Created attachment 322225 [details] A set of backtraces from gtk+ I'm attaching a log of a series of breakpoint hits in gtk. I set one breakpoint in _gdk_set_window_state, which, if I understand correctly, queues the window state event. Another one in gdk_wayland_window_fullscreen, which sends the xdg_surface.set_fullscreen request A third one in gdk_wayland_window_unfullscreen, which sends the xdg_surface.unset_fullscreen request. Now, how to fix this I'm not so sure. Can we avoid doing these things asynchronously, or maybe peek if there is already another window state event in the queue and drop any earlier, when dispatching?
Moving this to gtk+ then.
what you see in the stacktraces is that we get a window state event which changes the fullscreen state, then terminal-window updates its toggle action to match, which in turn triggers the callback to call gtk_window_[un]fullscreen. Seems fine so far, since we are just calling the function for the state we already changed to, but something ought to notice this and fizzle out, probably on the mutter side.
(In reply to Matthias Clasen from comment #20) > what you see in the stacktraces is that we get a window state event which > changes the fullscreen state, then terminal-window updates its toggle action > to match, which in turn triggers the callback to call > gtk_window_[un]fullscreen. Seems fine so far, since we are just calling the > function for the state we already changed to, but something ought to notice > this and fizzle out, probably on the mutter side. What could mutter do? When it receives the make-fullscreen request, it immediately responds with "ok, go fullscreen then". Then when it receives the unmake-fullscreen request, it immediately responds with "ok, go unfullscreen then". I have a patch which "compresses" GDK_WINDOW_STATE events by dropping any previous event to the same window while updating the "changed_mask". That seems to fix the issue to me (though it triggers another bug, which I suspect is in mutter, causing the window to not display any more, and then display with the wrong size). Another possible solution I intended to try is to only allow dispatching one wayland event at once before dispatching the internal GDK event queue, but this would have a lot larger impact on things.
(In reply to Jonas Ådahl from comment #21) > > I have a patch which "compresses" GDK_WINDOW_STATE events by dropping any > previous event to the same window while updating the "changed_mask". That > seems to fix the issue to me (though it triggers another bug, which I > suspect is in mutter, causing the window to not display any more, and then > display with the wrong size). (It displays again, with the wrong size, when switching workspace back and forth once and other things)
(In reply to Jonas Ådahl from comment #21) > > Another possible solution I intended to try is to only allow dispatching one > wayland event at once before dispatching the internal GDK event queue, but > this would have a lot larger impact on things. No, this is not possible with the current available libwayland-client API. It only exposes dispatch-all.

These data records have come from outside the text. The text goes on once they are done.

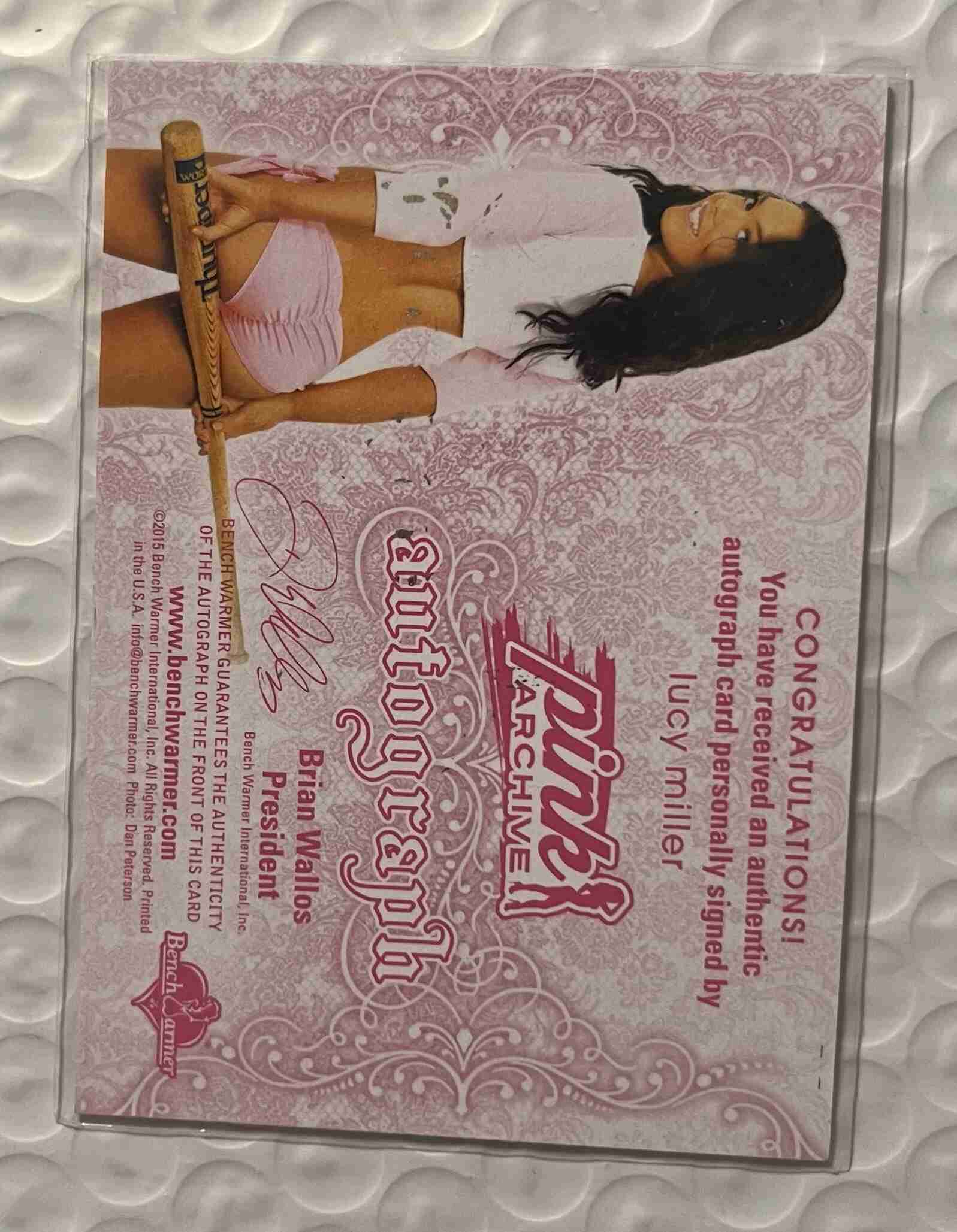 This auction is of a 2015 Bench Warmer Lucy Miller Autograph card. Card is Nrmt condition. Look at the pics and judge for yourself. If any questions please feel free to contact me. Thank you for looking at my auctions.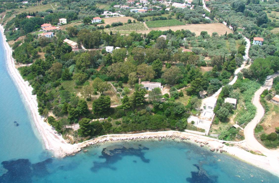- Pogonia Beach: Directly in front
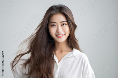 Smart Casual Office Shirt uniform Girl Teenager - Adult stands in front of White Background. generative AI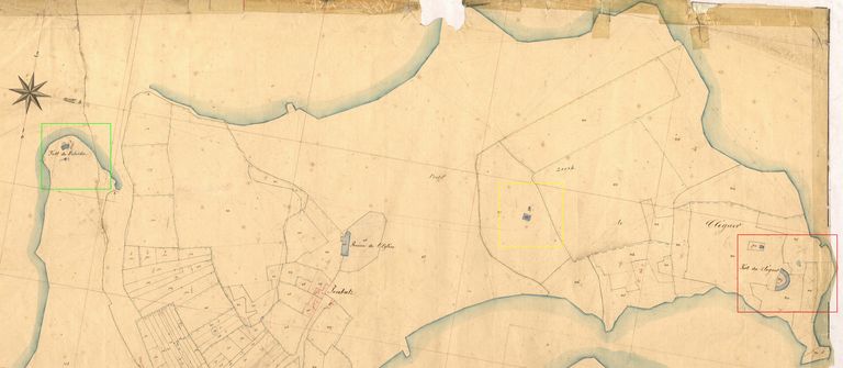 Extrait du cadastre parcellaire de l'Île-de-Batz : corps de garde de la Grande Roche (en jaune), batterie de côte de Bilvidic (en vert) et batterie de côte et magasin à poudre de Penn ar C'hleguer (en rouge), 1846Immatriculation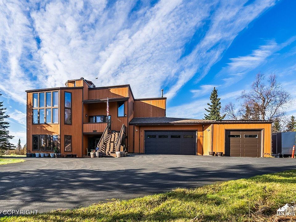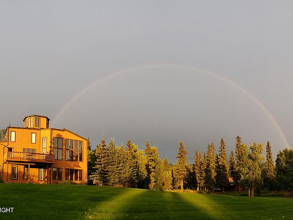 Beautiful custom home on a spacious corner lot in Mid-Hillside with stunning mountain, sunset, and northern lights views. Large windows fill the home with natural light and showcase the scenery year-round. Natural stone flooring, redwood detailing throughout, and a well-designed kitchen with granite countertops add warmth and character to the home. The primary bedroom features a bright solariumwith incredible views, while the cupola above the home provides a stunning 360° panorama of the surrounding landscape. The lower level includes a separate entrance, fireplace, wet bar, deck, bedrooms, and generous storage, creating a comfortable and versatile living space. The property offers a lush lawn, fenced dog run, and ample parking, including an RV or boat parking pad with electric and septic hookups. A truly special Anchorage property with space, comfort, and some of the best views from Mid-Hillside, along with winter-friendly roads and driveway access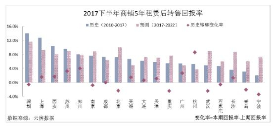 《报告》显示,大部分城市未来预测转售回报率走高,而深圳、上海等城市则由于前期商业需求的过度透支,转售回报率继续回落。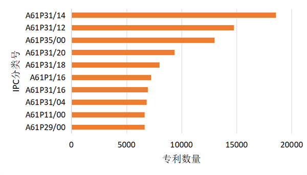 分析發現,全球專利中,抗病毒藥物著重研究RNA病毒,重點適應癥是HIV和非中樞性疾病等。與全球細分領域比例有所區別的是,中國在抗病毒藥物領域不僅注重RNA病毒藥物的研究,也重點在DNA病毒方向布局相關專利,中國在抗病毒藥物領域的研究范圍是比較廣泛的;另外,除了HIV,中國在流行性感冒或鼻病毒適應癥上的研究也比較突出。
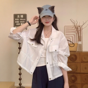 翻领防晒衣工装外套女短款2025夏季新款胖MM宽松显瘦休闲百搭上衣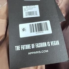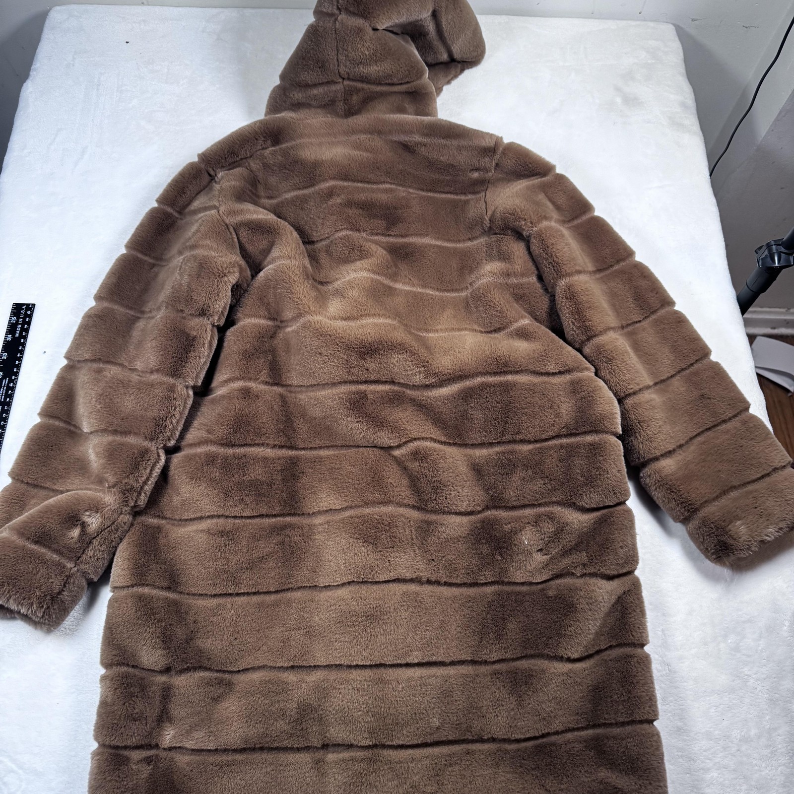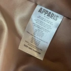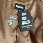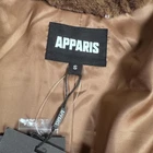 Brand: Apparis Style: Celina 3 long faux fur hooded coat with horizontal plush panels and hidden snap front closure. Color: Brown exterior with a coordinating satin-look brown lining. Gender: Womens Size on tag: Small (S) Materials (per care label): Main fabric faux fur 100% polyester; lining 100% polyester. Details: Attached hood, soft vegan faux fur shell, smooth full lining, front hand pockets, snap button closures, spare snaps/hardware included on hang tag, Apparis logo interior label, slogan on hang tag reads "THE FUTURE OF FASHION IS VEGAN." Care: Dry clean only. Style/Model information from hang tag: Style Name Celina 3; Ref: F22096GM1; Nordstrom tag present. Barcode numbers on hang tag: UPC: 194607001272; additional barcode: 823558238.
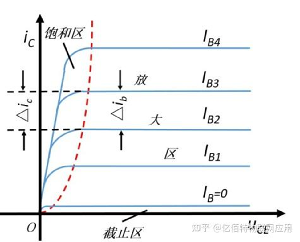 - 放大区 (Active / Linear) ------做放大器用 ,基极(旋钮)处于半开状态,轻轻拧动一点点。出水量随着旋钮的动作线性变化。基极电流变化 1 m A 1mA 1mA,集电极电流可能变化 100 m A 100mA 100mA。发射结正偏,集电结反偏。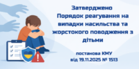 Затверджено Порядок реагування на випадки насильства та жорстокого поводження з дітьми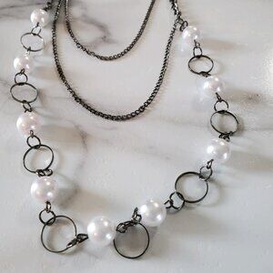 Silver Tone & Faux Pearls Necklace & Earring Set NEW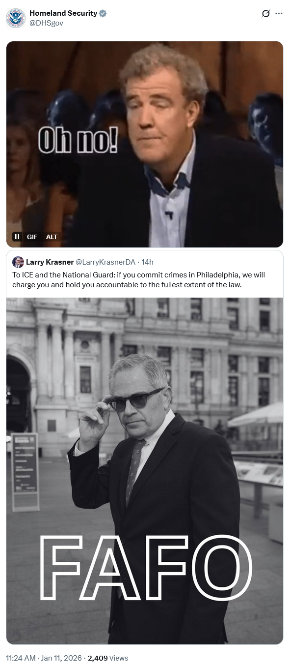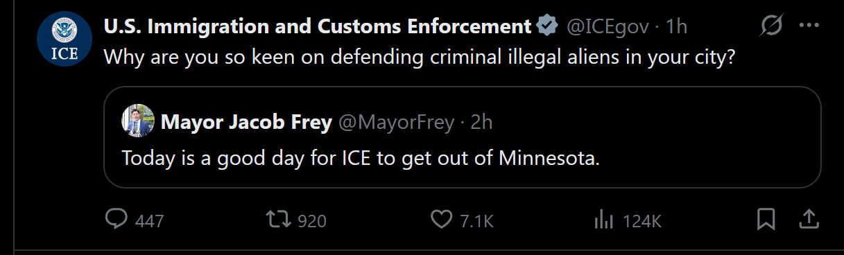 >>525738210I'm almost sympathetic. This woman is clearly trying to show out for her community. And she agreed they will work with ICE. But she spent the entire statement making claims that ICE isn't a lawful authority, that ICE doesn't have lawful or legal standing to stop crimes, and that they cannot have their faces covered because of local law. One direct implication is that she will be sending bullets (that's how I read smoke) to disrupt ICE if there's an accusation of a crime and ICE doesn't agree to be arrested by Philly cops. The more important, again, she's letting the community believe that ICE isn't a lawful or professional, it is an illegitimate, organization with authority and proper capacity to identify enemies of the US in our borders.She needs a call from the Criminal in the Whitehouse's chief law enforcement officer to clarify her intents.

Created attachment 322435 [details] [review] gdk: Compress window state events If there are already a window state event for a given window queued when the window state is changed, drop that event and queue a new event with a changed_mask based on the state before last event that was queue without compression.
The window-disappears is fixed by bug 762716. The incorrect window size I have yet to debug, so I don't know whether it is the same as bug 762713.
Review of attachment 322435 [details] [review]: Looks fine with me.
Jonas, I assume this is fine to commit ?
Attachment 322435 [details] pushed as 9e2207b - gdk: Compress window state events
+ _gdk_event_queue_remove_link (display, pending_event_link); + g_list_free_1 (pending_event_link); This is leaking the GdkEvent...
You need something like: (untested) a/gdk/gdkevents.c b/gdk/gdkevents.c index a094d4a..e14f9ab 100644 --- a/gdk/gdkevents.c +++ b/gdk/gdkevents.c @@ -2201,6 +2201,7 @@ _gdk_set_window_state (GdkWindow *window, { old = window->old_state; _gdk_event_queue_remove_link (display, pending_event_link); + gdk_event_free ((GdkEvent *)pending_event_link->data); g_list_free_1 (pending_event_link); } else
Oops, thanks!
Created attachment 323680 [details] [review] gdk: Don't leak discarded window state event When compressing window state events, we didn't free the discarded event after removing it from the queue, causing us to leak it. This commit makes sure to free the discarded event after unqueuing it.
(In reply to Alexander Larsson from comment #30) > + _gdk_event_queue_remove_link (display, pending_event_link); > + g_list_free_1 (pending_event_link); > > This is leaking the GdkEvent... Oops indeed. Thanks for noticing!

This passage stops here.